Following the initiation of apoptotic signaling, pores are formed in the outer mitochondrial membrane during MOMP to allow proteins from the mitochondrial intermembrane space, including cytochrome c, to reach the cytosol and propagate the apoptotic cascade (Westphal et al., 2011). Although cytochrome c release was once considered the point of no return for cell death, research over the past decade indicates that sub-lethal amounts of MOMP may occur in response to certain apoptotic stimuli. This phenomenon is known as incomplete or “minority” MOMP (Tait et al., 2010; Ichim et al., 2015). For a cell to survive MOMP it must either limit the formation of the pore, neutralize the cytochrome c that is released, or functionally adapt to improve its fitness in this environment.

Blocking formation of the pore in the mitochondrial membrane is a logical place for the beginning of our discussion on links between metabolism and MOMP. Indeed, bioactive lipids, such as sphingolipids, have been implicated as a significant player in the regulation of MOMP in a variety of cell types.

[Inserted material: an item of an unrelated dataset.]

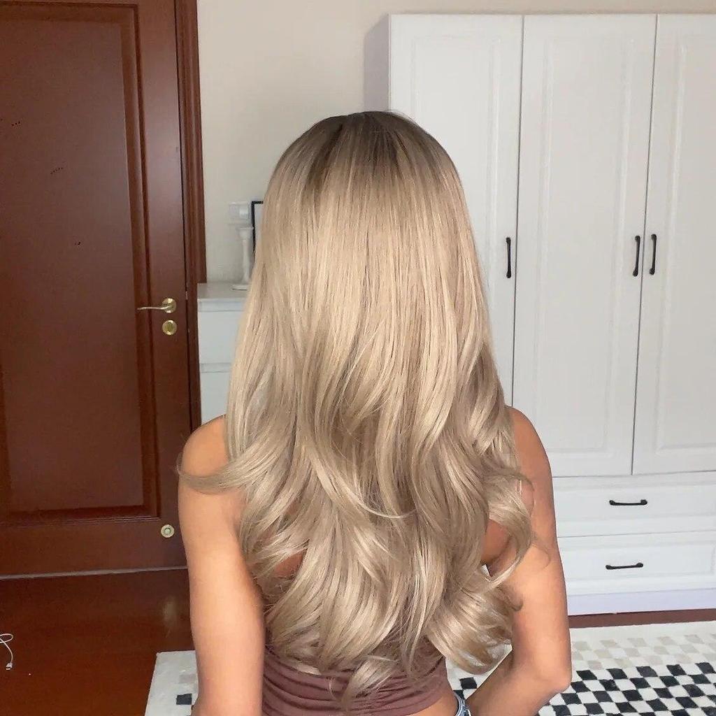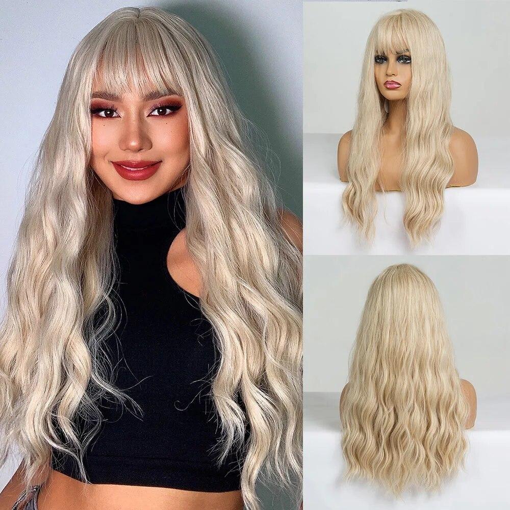 EASIHAIR Длинные волнистые светлые парики с челкой, термостойкие синтетические парики для женщин, натуральный парик с коричневым корнем, волосы для косплея
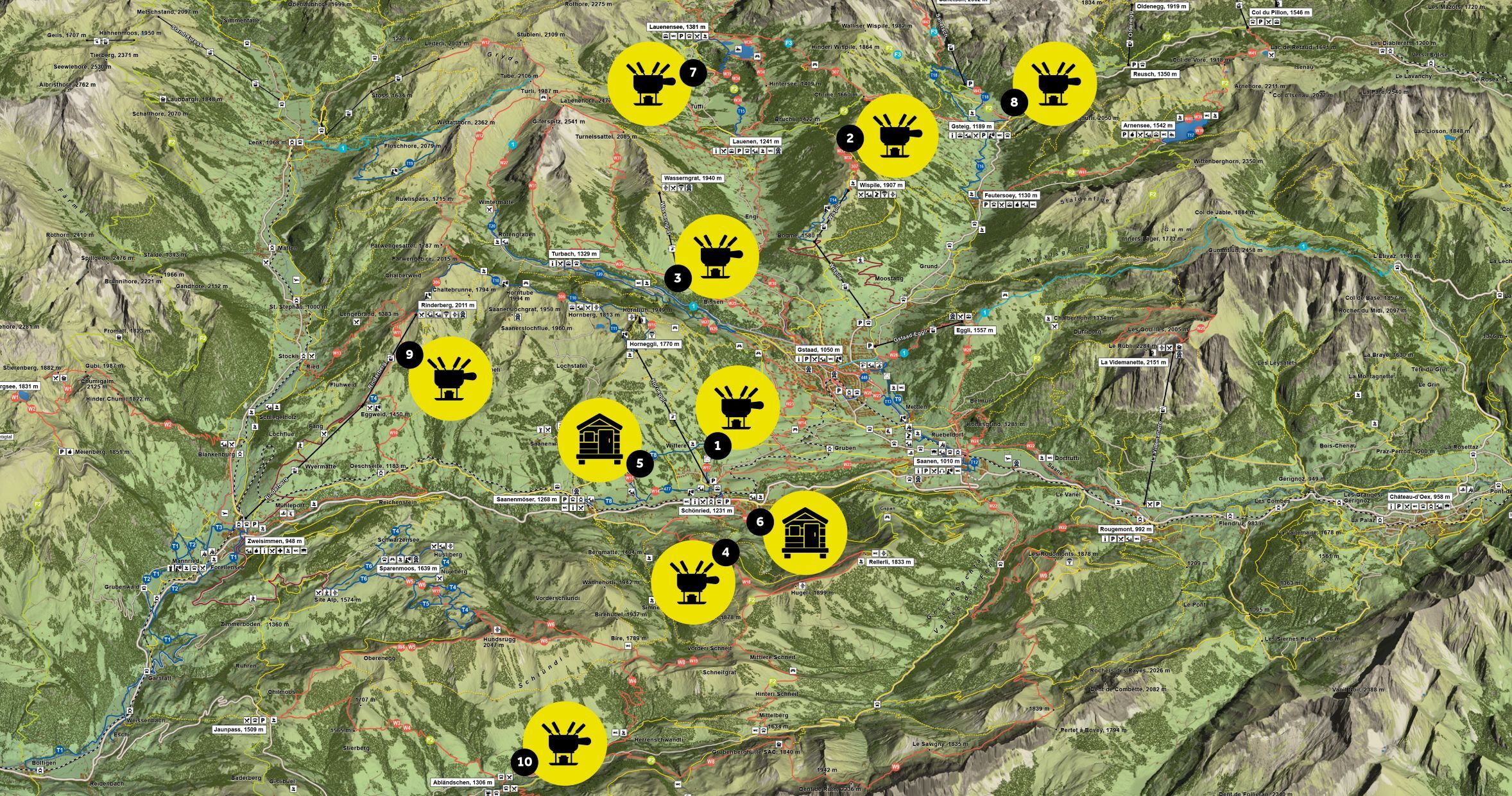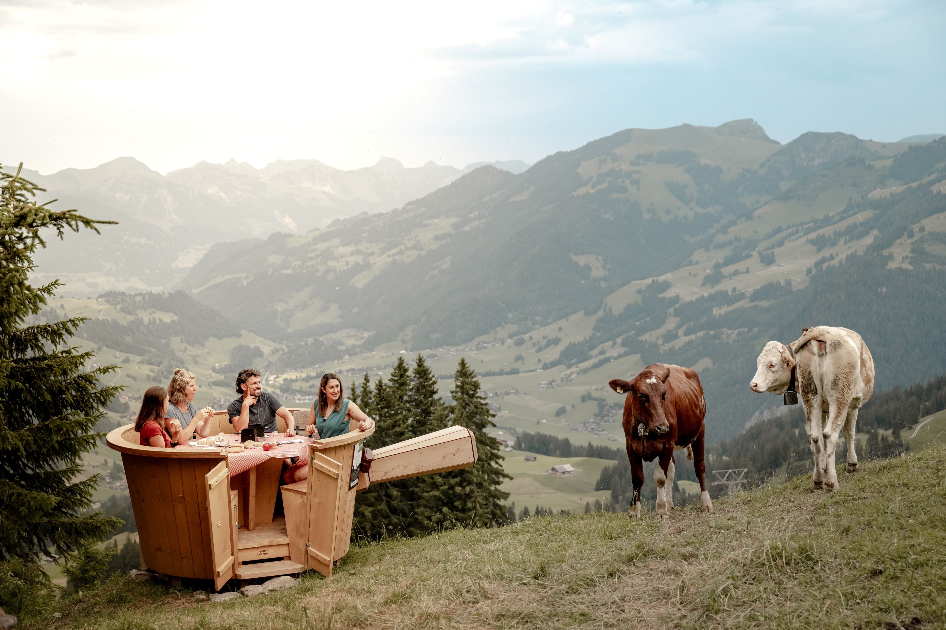 Mit einem gefüllten Rucksack der Molkerei vom Hotel zum riesigen Outdoor-Fonduecaquelon oder Hüttli wandern – zur Auswahl stehen im Tal verteilt acht überdimensionale Caquelons und zwei gemütliche Hütten. Käseliebhaber:innen geniessen hier inmitten der Natur gesellige Fondue-Momente mit herrlichem Panorama.

More specifically, ceramide, a class of sphingolipid, can induce apoptosis through a mechanism that is dependent on the molecular machinery required to promote MOMP (Taha et al., 2006; von Haefen et al., 2002). Furthermore, inhibition of sphingolipid metabolism through the use of pharmacological inhibitors is capable of preventing MOMP as it blocks the interaction between ceramide metabolites and inducers of MOMP (Chipuk et al., 2012). Relatedly, cancer cells can manipulate sphingolipid metabolism to decrease the intracellular levels of ceramide to maintain mitochondrial membrane integrity. As an example, sphingomyelin synthases are activated in leukemic cells to decrease the levels of ceramide and prevent stress-induced apoptosis (Dolgachev et al., 2004; Separovic et al., 2007; Lafont et al., 2010).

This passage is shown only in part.